• _EXERCISE BRIEF_: Give back the entire listing below, unaltered.

-------

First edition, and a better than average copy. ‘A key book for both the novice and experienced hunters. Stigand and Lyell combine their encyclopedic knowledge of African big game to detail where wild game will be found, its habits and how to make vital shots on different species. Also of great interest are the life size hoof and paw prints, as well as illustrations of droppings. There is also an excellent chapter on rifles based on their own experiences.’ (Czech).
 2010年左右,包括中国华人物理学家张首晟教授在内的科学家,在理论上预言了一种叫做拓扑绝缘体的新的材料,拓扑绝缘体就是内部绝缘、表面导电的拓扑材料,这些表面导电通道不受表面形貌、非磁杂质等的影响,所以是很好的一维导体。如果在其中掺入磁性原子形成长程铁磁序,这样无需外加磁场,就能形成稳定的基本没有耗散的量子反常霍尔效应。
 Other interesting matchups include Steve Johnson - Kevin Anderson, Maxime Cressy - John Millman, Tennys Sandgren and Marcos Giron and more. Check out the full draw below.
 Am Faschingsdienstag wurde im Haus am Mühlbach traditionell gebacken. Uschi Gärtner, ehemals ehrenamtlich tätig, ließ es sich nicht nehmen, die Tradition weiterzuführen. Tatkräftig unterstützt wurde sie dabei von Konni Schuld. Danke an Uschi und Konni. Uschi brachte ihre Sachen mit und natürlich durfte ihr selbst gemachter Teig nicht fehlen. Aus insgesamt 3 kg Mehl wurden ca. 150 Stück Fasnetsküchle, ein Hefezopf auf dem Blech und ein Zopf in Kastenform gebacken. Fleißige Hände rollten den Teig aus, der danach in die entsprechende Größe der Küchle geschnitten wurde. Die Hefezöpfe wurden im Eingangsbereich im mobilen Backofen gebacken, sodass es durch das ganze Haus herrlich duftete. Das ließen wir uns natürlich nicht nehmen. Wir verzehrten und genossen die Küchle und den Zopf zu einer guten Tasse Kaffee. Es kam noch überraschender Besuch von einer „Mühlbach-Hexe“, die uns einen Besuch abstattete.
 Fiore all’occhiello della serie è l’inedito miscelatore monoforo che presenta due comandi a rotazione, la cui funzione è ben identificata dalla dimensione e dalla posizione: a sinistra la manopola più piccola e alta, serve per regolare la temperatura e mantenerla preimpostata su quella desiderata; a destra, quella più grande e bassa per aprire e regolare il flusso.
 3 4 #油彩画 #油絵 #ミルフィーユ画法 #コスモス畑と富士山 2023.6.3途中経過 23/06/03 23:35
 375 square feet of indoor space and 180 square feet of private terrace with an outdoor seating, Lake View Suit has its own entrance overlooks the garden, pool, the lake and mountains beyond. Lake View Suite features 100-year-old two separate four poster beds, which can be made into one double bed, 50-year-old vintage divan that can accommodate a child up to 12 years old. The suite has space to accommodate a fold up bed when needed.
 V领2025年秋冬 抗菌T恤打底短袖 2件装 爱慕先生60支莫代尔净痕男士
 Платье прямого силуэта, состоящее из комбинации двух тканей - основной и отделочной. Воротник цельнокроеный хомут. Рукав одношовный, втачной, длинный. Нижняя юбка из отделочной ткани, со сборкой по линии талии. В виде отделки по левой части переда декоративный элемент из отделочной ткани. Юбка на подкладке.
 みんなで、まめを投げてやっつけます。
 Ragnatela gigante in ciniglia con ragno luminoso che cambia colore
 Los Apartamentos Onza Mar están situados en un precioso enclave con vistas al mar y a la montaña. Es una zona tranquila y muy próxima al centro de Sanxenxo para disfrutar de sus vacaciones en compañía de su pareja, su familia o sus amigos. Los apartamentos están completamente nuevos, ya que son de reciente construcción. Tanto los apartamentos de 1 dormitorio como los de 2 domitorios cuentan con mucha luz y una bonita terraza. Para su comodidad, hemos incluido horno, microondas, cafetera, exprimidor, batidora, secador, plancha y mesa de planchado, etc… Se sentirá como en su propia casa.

-------

• _REPLY TO THE EXERCISE_:
First edition, and a better than average copy. ‘A key book for both the novice and experienced hunters. Stigand and Lyell combine their encyclopedic knowledge of African big game to detail where wild game will be found, its habits and how to make vital shots on different species. Also of great interest are the life size hoof and paw prints, as well as illustrations of droppings. There is also an excellent chapter on rifles based on their own experiences.’ (Czech).
 2010年左右,包括中国华人物理学家张首晟教授在内的科学家,在理论上预言了一种叫做拓扑绝缘体的新的材料,拓扑绝缘体就是内部绝缘、表面导电的拓扑材料,这些表面导电通道不受表面形貌、非磁杂质等的影响,所以是很好的一维导体。如果在其中掺入磁性原子形成长程铁磁序,这样无需外加磁场,就能形成稳定的基本没有耗散的量子反常霍尔效应。
 Other interesting matchups include Steve Johnson - Kevin Anderson, Maxime Cressy - John Millman, Tennys Sandgren and Marcos Giron and more. Check out the full draw below.
 Am Faschingsdienstag wurde im Haus am Mühlbach traditionell gebacken. Uschi Gärtner, ehemals ehrenamtlich tätig, ließ es sich nicht nehmen, die Tradition weiterzuführen. Tatkräftig unterstützt wurde sie dabei von Konni Schuld. Danke an Uschi und Konni. Uschi brachte ihre Sachen mit und natürlich durfte ihr selbst gemachter Teig nicht fehlen. Aus insgesamt 3 kg Mehl wurden ca. 150 Stück Fasnetsküchle, ein Hefezopf auf dem Blech und ein Zopf in Kastenform gebacken. Fleißige Hände rollten den Teig aus, der danach in die entsprechende Größe der Küchle geschnitten wurde. Die Hefezöpfe wurden im Eingangsbereich im mobilen Backofen gebacken, sodass es durch das ganze Haus herrlich duftete. Das ließen wir uns natürlich nicht nehmen. Wir verzehrten und genossen die Küchle und den Zopf zu einer guten Tasse Kaffee. Es kam noch überraschender Besuch von einer „Mühlbach-Hexe“, die uns einen Besuch abstattete.
 Fiore all’occhiello della serie è l’inedito miscelatore monoforo che presenta due comandi a rotazione, la cui funzione è ben identificata dalla dimensione e dalla posizione: a sinistra la manopola più piccola e alta, serve per regolare la temperatura e mantenerla preimpostata su quella desiderata; a destra, quella più grande e bassa per aprire e regolare il flusso.
 3 4 #油彩画 #油絵 #ミルフィーユ画法 #コスモス畑と富士山 2023.6.3途中経過 23/06/03 23:35
 375 square feet of indoor space and 180 square feet of private terrace with an outdoor seating, Lake View Suit has its own entrance overlooks the garden, pool, the lake and mountains beyond. Lake View Suite features 100-year-old two separate four poster beds, which can be made into one double bed, 50-year-old vintage divan that can accommodate a child up to 12 years old. The suite has space to accommodate a fold up bed when needed.
 V领2025年秋冬 抗菌T恤打底短袖 2件装 爱慕先生60支莫代尔净痕男士
 Платье прямого силуэта, состоящее из комбинации двух тканей - основной и отделочной. Воротник цельнокроеный хомут. Рукав одношовный, втачной, длинный. Нижняя юбка из отделочной ткани, со сборкой по линии талии. В виде отделки по левой части переда декоративный элемент из отделочной ткани. Юбка на подкладке.
 みんなで、まめを投げてやっつけます。
 Ragnatela gigante in ciniglia con ragno luminoso che cambia colore
 Los Apartamentos Onza Mar están situados en un precioso enclave con vistas al mar y a la montaña. Es una zona tranquila y muy próxima al centro de Sanxenxo para disfrutar de sus vacaciones en compañía de su pareja, su familia o sus amigos. Los apartamentos están completamente nuevos, ya que son de reciente construcción. Tanto los apartamentos de 1 dormitorio como los de 2 domitorios cuentan con mucha luz y una bonita terraza. Para su comodidad, hemos incluido horno, microondas, cafetera, exprimidor, batidora, secador, plancha y mesa de planchado, etc… Se sentirá como en su propia casa.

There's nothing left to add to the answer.